> RECORDED INFORMATION
----------

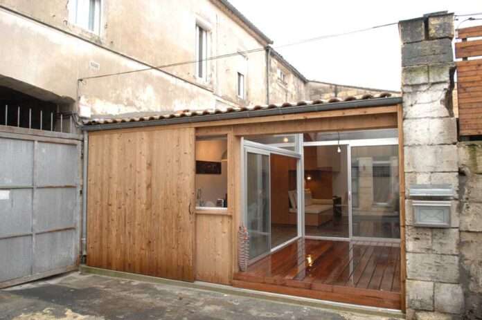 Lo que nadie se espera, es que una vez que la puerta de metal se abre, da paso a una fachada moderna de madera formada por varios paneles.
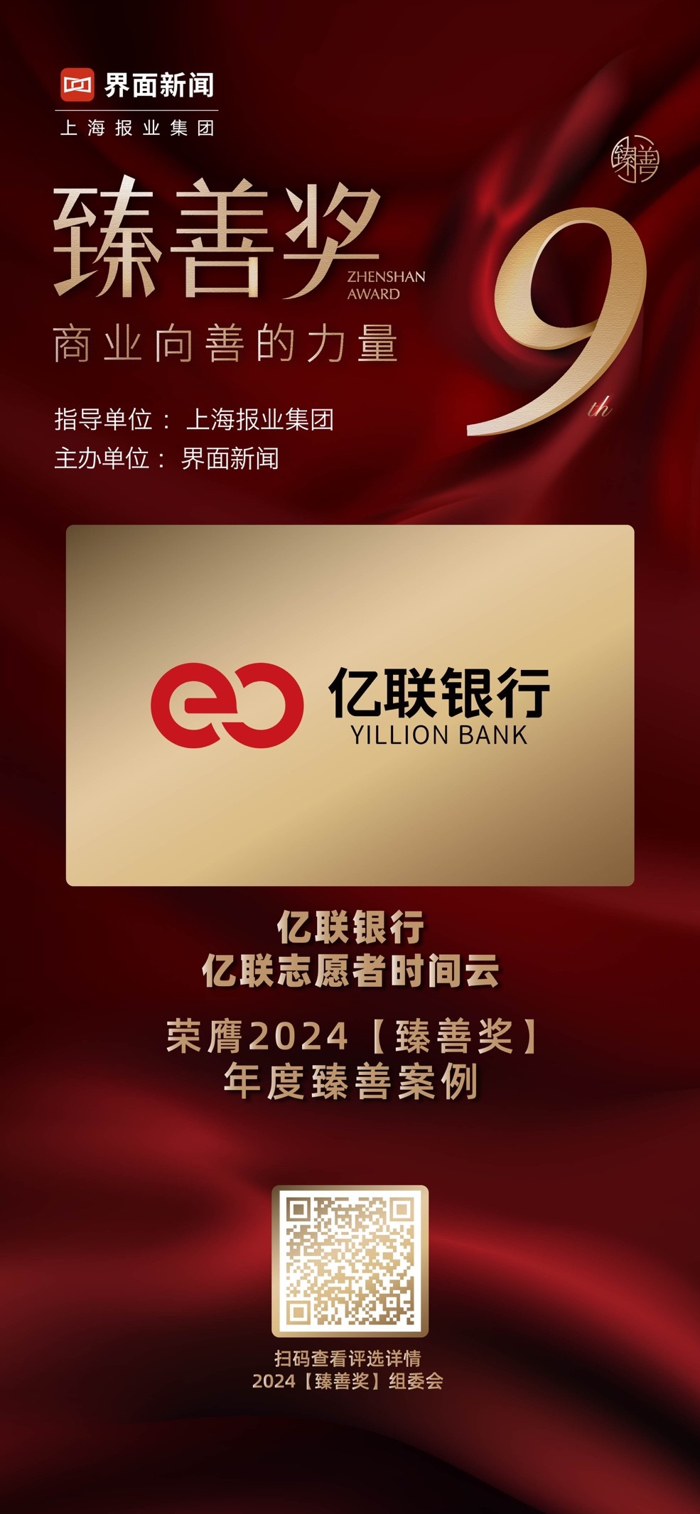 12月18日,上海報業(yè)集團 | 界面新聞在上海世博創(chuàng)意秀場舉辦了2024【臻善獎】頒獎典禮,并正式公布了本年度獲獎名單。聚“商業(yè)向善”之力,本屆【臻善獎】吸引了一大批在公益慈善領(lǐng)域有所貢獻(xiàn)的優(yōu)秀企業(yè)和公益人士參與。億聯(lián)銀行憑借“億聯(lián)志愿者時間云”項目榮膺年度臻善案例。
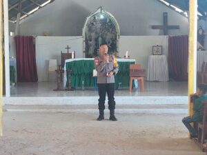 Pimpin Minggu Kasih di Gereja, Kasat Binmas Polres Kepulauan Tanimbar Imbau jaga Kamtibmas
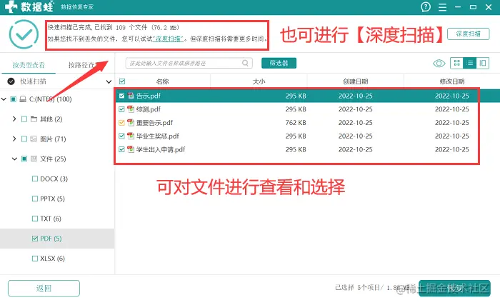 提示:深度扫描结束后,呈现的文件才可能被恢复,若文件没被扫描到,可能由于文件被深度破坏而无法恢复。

----------

Please retype the material in full, exactly as it reads, apart from the images.

> THE COMPLETED TASK
 Lo que nadie se espera, es que una vez que la puerta de metal se abre, da paso a una fachada moderna de madera formada por varios paneles.
 12月18日,上海報業(yè)集團 | 界面新聞在上海世博創(chuàng)意秀場舉辦了2024【臻善獎】頒獎典禮,并正式公布了本年度獲獎名單。聚“商業(yè)向善”之力,本屆【臻善獎】吸引了一大批在公益慈善領(lǐng)域有所貢獻(xiàn)的優(yōu)秀企業(yè)和公益人士參與。億聯(lián)銀行憑借“億聯(lián)志愿者時間云”項目榮膺年度臻善案例。
 Pimpin Minggu Kasih di Gereja, Kasat Binmas Polres Kepulauan Tanimbar Imbau jaga Kamtibmas
 提示:深度扫描结束后,呈现的文件才可能被恢复,若文件没被扫描到,可能由于文件被深度破坏而无法恢复。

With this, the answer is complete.